Can the CPAS work with the TPP results?

CPAS Forum (Inactive)
Can the CPAS work with the TPP results? ljy241  2008-01-09 17:49
Status: Closed
 
Hi all,
I obtained some huge interact-prot.xml files from TPP(v.3.4,running under XP) that were difficult to open with browser.I wonder whether can I open them with the CPAS directly and how to perform.I have installed the CPAS on a PC.
Thanks.

John
 
 
jeckels responded:  2008-01-11 15:23
Hi John,

Yes, you can load externally-generated TPP results in CPAS.

Even though the actual sequence of steps is different, you can get a more detailed description for many of these steps in the CPAS tutorial at https://www.labkey.org/Project/home/cpas/tutorial/begin.view

First, create a new project (Manage Site->Create Project, you might need to click on the Show Admin link first) of type MS2. In that project, click on the Setup button under the Data Pipeline and point it at the directory on the server's hard drive that has the TPP results.

Then, click on the Process and Upload Data button in the Data Pipeline.
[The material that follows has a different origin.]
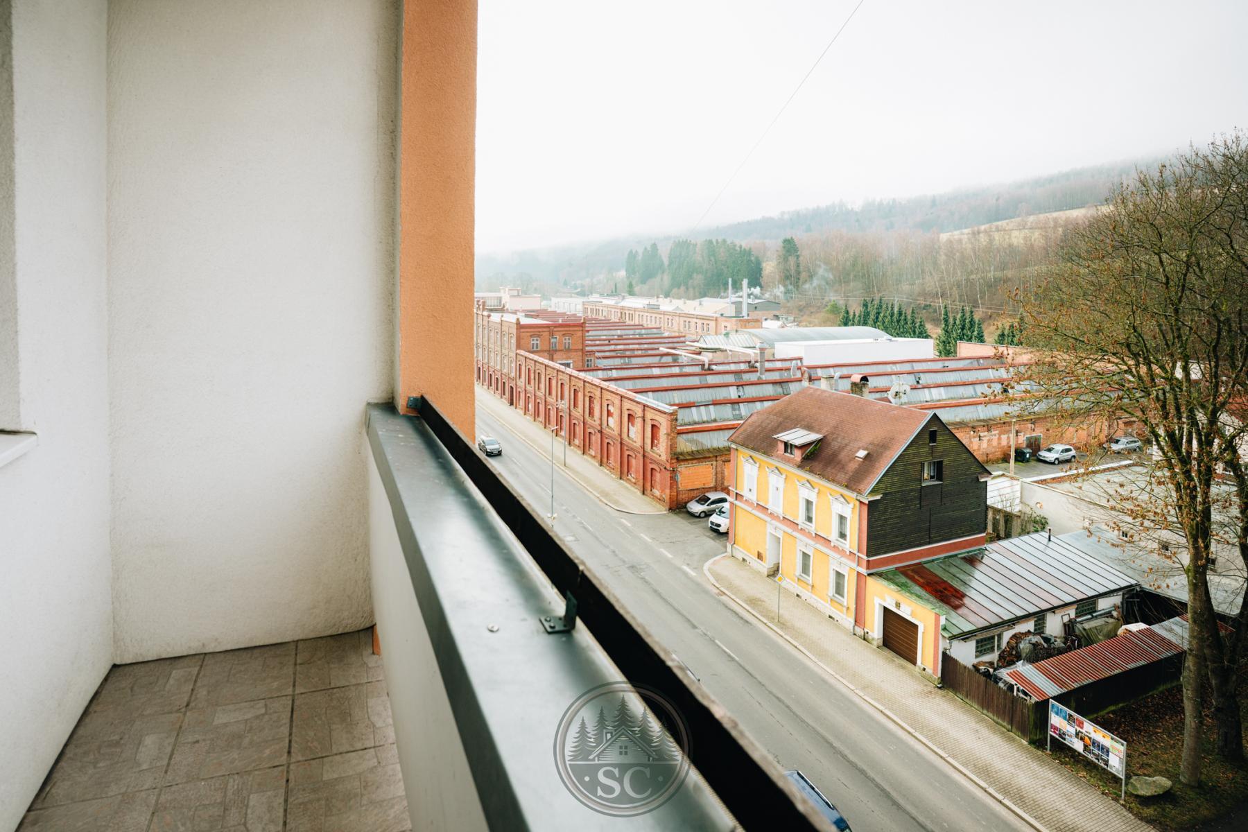 Další dva pokoje, z nichž jeden disponuje lodžií, mají výhled do ulice a na protější louku.

Navigate the file system, if needed, to find the prot.xml. (Note - you might need to rename the file so that it has a .prot.xml extension so that CPAS recognizes it) and click on the Import ProteinProphet button. In the background, CPAS will upload the FASTA file, pep.xml, and prot.xml into its database. You can click on the job in the Data Pipeline to view the log file to check on its progress.

I realize this is rather confusing, but add the "MS2 Runs" web part to your folder. The default list (which is labeled as "MS2 Runs") only shows runs that have associated experimental metadata, which is not present when importing TPP result files.

At that point, you should be able to click on your run to view it.

Thanks,
Josh
 
ljy241 responded:  2008-01-11 19:53
Hi Josh,

Thanks for your help. I had a try under your instruction while failed to upload the interact.prot.xml file. The error was in the attachment file(ZS3_interact.prot.xml.log).
I created a project of type MS2 and only transfered the interact.prot.xml to the folder. But failed to upload it. I don't know what's the problem.

Thanks,

John
 
adam responded:  2008-01-12 08:48
It appears that your FASTA file has multiple protein sequences with the same name. The TPP and pepXML/protXML files all reference proteins by name, so duplicate names lead to ambiguous results. I'm not sure why the TPP components don't validate the FASTA file to detect this, but CPAS does, which is why it prevents the FASTA file and the run from loading. (We are looking at providing a more useful error message in the next version of CPAS, by the way.)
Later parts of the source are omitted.